奇犽一句“今后再也不要和我扯上关系”,把她这么多年搭建的防御工事全炸了。她来不及做交易,来不及算账,来不及思考“等价交换”的公式——她直接回到了那个最原始的状态。跪下去。抓住。不要走。
她退行成无助的孩童。她还没改掉服软妥协的难堪姿态吗?
“你这个人,”奇犽收回目光,声音低了几度,像是点评她的演技,“不是变化系就别强求了。”
这句话落在亚提拉眼里就是否认她的天赋和能力。
“……谁说的。”亚提拉小声嘟囔,她试图用事实佐证增加说明力,“我骗过好多人,他们都被我骗到了。”
“那是他们蠢,不是你厉害。”奇犽踢了一脚地上的小石子,石子滚出去,撞在墙角,弹了两下,停下来,“或者他们懒得拆穿你。”
奇犽说的或许是对的,她只把自己骗过去了。她那些“演技”,在真正敏锐的人面前,从来都是纸糊的灯笼——看着亮,一戳就破。
巴特拉没戳破,是因为他需要她的价值。西索没戳破,是因为他觉得有趣。云谷没戳破,是因为他有教养。她那些“表演”,在他者眼里全是破绽。亚提拉本可以沉浸在全能自恋的幻想中,因自己取得的战果沾沾自喜。
为什么奇犽要戳?因为童言无忌?因为坏心眼?还是因为他内心的投射?亚提拉一直认为人际关系本质就是心理投射,现在奇犽对她的力比多释放行为本质上也是对“阴影自我”的排斥。
你讨厌别人的地方,往往是你讨厌自己的地方。奇犽这么讨厌她“装”,是不是因为他自己也在装?奇犽讨厌她懦弱,是不是因为他也妥协过?

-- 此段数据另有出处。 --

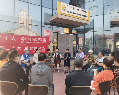 启动仪式上,以“喜迎二十大 学习第四卷”为主题,新城社区副书记说明了成立“小板凳”流动讲堂的目的及意义,并就“小板凳”流动讲堂制度、计划进行了进一步说明,提议大家要一起努力做宣讲,寻找“草根”宣讲人,吸收进入“小板凳”流动讲堂,为迎接党的二十大胜利召开营造良好氛围。接着,新城社区副书记理论联系辖区凤凰小巷实际,开展学习了《习近平谈治国理政》第四卷新在何处、《习近平谈治国理政》第四卷重点学什么等内容,宏观讲解了《习近平谈治国理政》第四卷,接下来,乌海电吹管乐队的老师们带来了精彩的“红歌连奏”表演,使得共建活动现场十分活跃。

用心理学知识包装情绪之后,亚提拉忽的就可以湖西路,“感谢精神分析学。”找到病态“同类”可以驱散孤独感。也是有这样一群人需要这种精神支撑的——天啊,世界上不止我一个人是这样的。
“你刚才说‘演的’,”奇犽目光还盯着那颗石子,醉翁之意不在酒,“是想让我觉得你不在乎?”
亚提拉的手指蜷了一下。
“还是想让你自己觉得你不在乎?”奇犽继续说,语气不重,但每个字都像钉子,“‘我是在演,所以不算丢人’——你是这么想的吧?”
沉默就是默认。
这小孩说话真伤人,因为她是成年人就不需要留情面了吗?还是因为她不是自己人,所以怎样都无所谓?
这个奇犽·揍敌客简直把双标贯彻到极致了——他对小杰从来不会这样咄咄逼人,对小杰永远是“走吧”“别管了”“我相信你”。到了她这里,就成了“你这个人”“你满脑子只想着自己”“你再演一个我看看”。
奇犽没再追问。他转过身,背对着亚提拉,往小杰的方向走了两步。然后停下来。
“下次,”他说,声音不大,但每个字都清清楚楚,“别跪了。”
“站起来说话。你又不矮。”
亚提拉愣了一下,然后暗自比对了一下他们之间的身高——这小子啥时候个子窜上来的?她要多塞一点内增高才能保全自己的身高优势了。
小杰也和她身高持平了,可恶,她也想继续长高啊。还是酷拉皮卡好,一直都是一米七一,矮矮的很安心。
“那咋了?”她已进入“雄竞”模式,“你还在长高,骨头还没闭合,很得意?”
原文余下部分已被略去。